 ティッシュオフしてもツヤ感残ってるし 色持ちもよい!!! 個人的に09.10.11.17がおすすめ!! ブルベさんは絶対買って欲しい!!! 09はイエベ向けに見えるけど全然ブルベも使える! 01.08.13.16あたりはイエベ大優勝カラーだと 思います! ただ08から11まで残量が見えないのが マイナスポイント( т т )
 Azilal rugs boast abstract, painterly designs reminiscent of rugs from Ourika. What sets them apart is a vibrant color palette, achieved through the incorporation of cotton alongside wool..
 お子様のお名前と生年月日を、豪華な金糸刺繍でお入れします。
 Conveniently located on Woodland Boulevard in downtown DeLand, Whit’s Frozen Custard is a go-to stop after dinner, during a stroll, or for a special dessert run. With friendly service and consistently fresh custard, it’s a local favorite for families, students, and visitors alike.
==
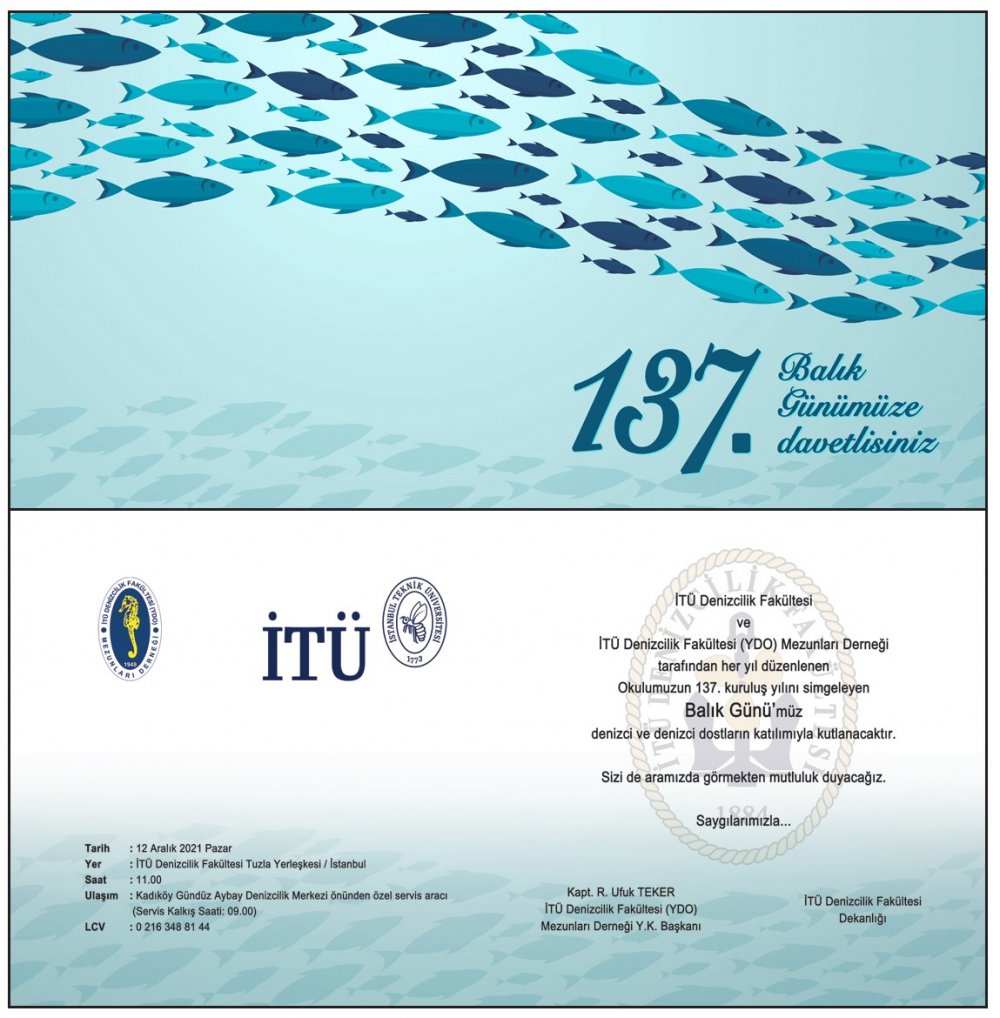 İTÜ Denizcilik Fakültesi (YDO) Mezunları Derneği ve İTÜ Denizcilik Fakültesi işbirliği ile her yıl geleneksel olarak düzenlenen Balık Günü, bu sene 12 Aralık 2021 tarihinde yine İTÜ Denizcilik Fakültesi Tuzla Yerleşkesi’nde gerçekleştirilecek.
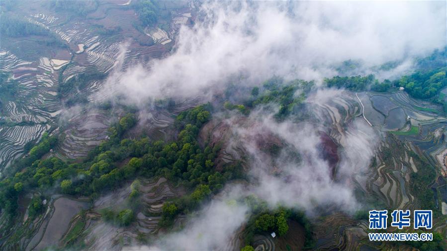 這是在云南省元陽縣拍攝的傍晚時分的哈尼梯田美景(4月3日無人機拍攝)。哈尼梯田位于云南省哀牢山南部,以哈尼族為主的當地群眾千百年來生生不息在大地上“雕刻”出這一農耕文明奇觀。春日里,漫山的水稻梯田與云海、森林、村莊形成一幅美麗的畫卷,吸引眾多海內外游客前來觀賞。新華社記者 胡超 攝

◆ About this task ◆
All lines in the data above from the one with "ティッシュオフしてもツヤ感残ってるし 色持ちもよい!!! 個人的に09.10.11.17がおすすめ!!" through the one with "Conveniently located on" must be repeated exactly, and no others.

◆ Output for this task ◆
 ティッシュオフしてもツヤ感残ってるし 色持ちもよい!!! 個人的に09.10.11.17がおすすめ!! ブルベさんは絶対買って欲しい!!! 09はイエベ向けに見えるけど全然ブルベも使える! 01.08.13.16あたりはイエベ大優勝カラーだと 思います! ただ08から11まで残量が見えないのが マイナスポイント( т т )
 Azilal rugs boast abstract, painterly designs reminiscent of rugs from Ourika. What sets them apart is a vibrant color palette, achieved through the incorporation of cotton alongside wool..
 お子様のお名前と生年月日を、豪華な金糸刺繍でお入れします。
 Conveniently located on Woodland Boulevard in downtown DeLand, Whit’s Frozen Custard is a go-to stop after dinner, during a stroll, or for a special dessert run. With friendly service and consistently fresh custard, it’s a local favorite for families, students, and visitors alike.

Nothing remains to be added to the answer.